UK Crude Oil Imports Exceed Production for First Time since 1978
by Jon Mainwaring
|Thursday, February 23, 2012
Energy statistics released by a UK government department Thursday showed that the country's imports of crude oil exceeded UK production for the first time since 1978.
The Department of Energy and Climate Change said that provisional data for 2011 showed that primary energy production fell by a record 14 percent, compared to 2010, to 136.3 million tons of oil equivalent, following sharp falls in output from the UK Continental Shelf as a result of maintenance activity and slowdowns.
On an annual basis, petroleum production was down by 17 percent, with gas production down by 20 percent.
However, DECC said that the UK remained a net exporter of petroleum products in 2011, with net exports of 5.2 million tons – the highest surplus since 2005.
UK-produced gas in 2011 accounted for 54 percent of inputs to UK transmissions systems, but imports exceeded UK production for the first time.
Net import dependency increased to 48 percent.

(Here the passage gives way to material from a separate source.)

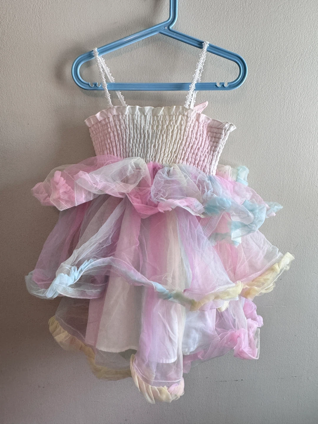This adorable tutu dress features a ruffled bodice and a layered tulle skirt in pastel rainbow colours. It's embellished with a sparkly butterfly appliqué on the front. Perfect for dress-up or parties!

But despite lower UK production, gas exports were at record levels, higher even than when UK gas production peaked in 2000, said DECC.
Meanwhile, 2011 saw large increases in imports of liquefied natural gas (LNG), with imports from Qatar at similar levels to those for pipeline gas from Norway.
DECC added that UK gas demand was at its lowest level since 1995 due to a combination of milder weather and reduced use by generators.